The Playgoer: Broadway Ghosts

Custom Search

Monday, October 24, 2011

Broadway Ghosts


One of my favorite Sunday Times features is actually in the Real Estate section.  No, not listings. It's Christopher Gray's "Streetscapes" column, a kind of weekly excavation of old buildings, gone buildings, and other curiosities of NYC history.

This photo, a column earlier this month, is especially approppros in light of the splendid new revival of Sondheim's Follies. The image above is of the half-demolished Helen Hayes Theater (not the current Helen Hayes Theater) in 1982. The Hayes (on 46th between Broadway and 8th Avenue) and an adjoining house, the Morosco, were leveled that year, but not without a spirited fight from the New York theatre community, who came out in large protests.

(The occasion for Gray's column, by the way, was a recent auction of surviving slabs and other detritus from the Hayes demolition.)

Follies, you may recall, is set in an old Broadway theatre about to be demolished, haunted by the ghosts of Ziegfelds past. In fact, legend has it the inspiration for that 1971 show came from a Life magazine photo of aging star Gloria Swanson  in the wreckage of the then-recently demolished Roxy Theatre (see below).

And where is the current revival of Follies playing?

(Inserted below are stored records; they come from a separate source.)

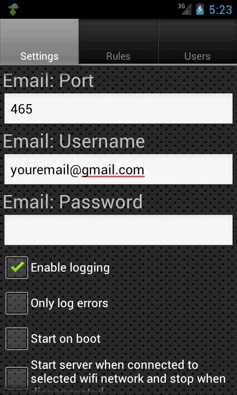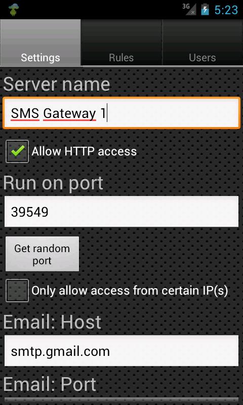 - For every SMS Gateway you can set the following: allow http access, http port, only allow access from certain IP’s, email settings (host, port, username, password) to send emails, enable logging, only log errors, start on boot, start/stop server when connected/disconnected to a specified WIFI network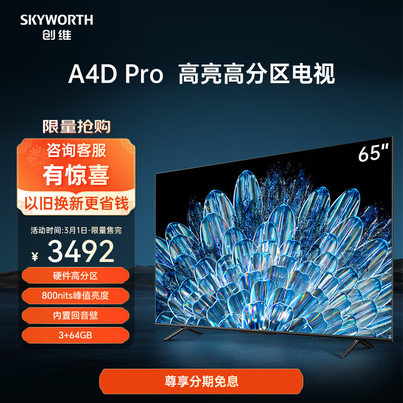 创维电视65A4D Pro 65英寸电视机硬件高分区800nits3+64G智慧屏彩电液晶4K超薄护眼游戏电视价格:3492.00元!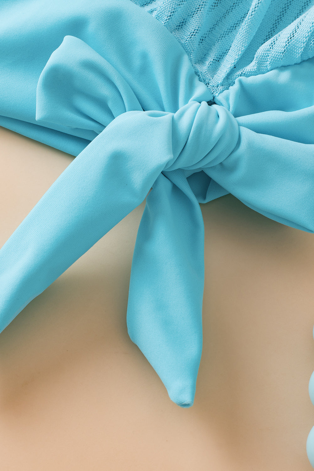 Turquoise Striped Mesh Knotted Hem Tankini Swimsuit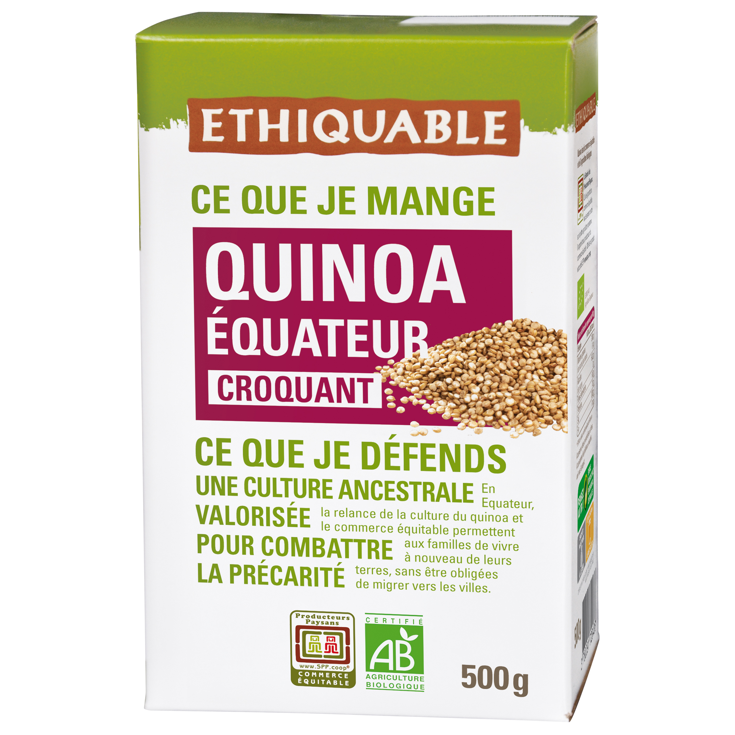 CE QUE JE MANGE : Cultivé à haute altitude dans les Andes équatoriennes, ce quinoa bio et équitable appartient à la variété traditionnelle "type Valle", réputée pour son grain ferme, sa belle tenue à la cuisson et sa légère note de noisette. Son croquant naturel en fait un ingrédient idéal pour vos salades, bowls, plats chauds ou accompagnements végétariens. Il est naturellement riche en protéines végétales, fibres, fer et autres minéraux essentiels. Issu d’une filière paysanne équitable, ce quinoa contribue à la préservation de la biodiversité locale et au maintien des savoir-faire agricoles andins.

At the Marquis Theatre. Part of the Marriott Marquis hotel--the very building the Hayes and Morosco were torn down to make way for.

Ghosts, indeed....

3 comments:

John Branch said...

Thanks for including that photograph of Swanson in the ruins of the Roxy.

I wonder whether it's possible nowadays to shoot such images. Not hard to imagine that regulations and/or fear of lawsuits would prevent it. I tell ya: if we can't play in the wreckage of our theaters, whose wrecked theaters can we play in?

Jacqueline T. Lynch said...

Intriguing theater history. I love that Swanson photo.

Kevin and Don Norte said...

Did they really auction off the piece of the facade of the Helen Hayes. My husband and myself were students at the time and I worked for The Shuberts. I remember the morning I woke up to discover workers took a jack hammer and "jacked" a line across the facade. It was originally all supposed to be saved. Nothing bad happened but the City had them take a piece that was not destroyed and it was supposed to be saved and incorporated into a future theatre on Broadway. Was it sold?
We left New York after that because our "heart" was broken. Working for the Shuberts, the destruction of the 5 theatres, the rise in HIV, and the way every interview I went on for a theatre job seemed like a casting couch were the reaons we left.
We returned and went to see Follies at the Marquis and I accidentally peed on the floor but then started laughing.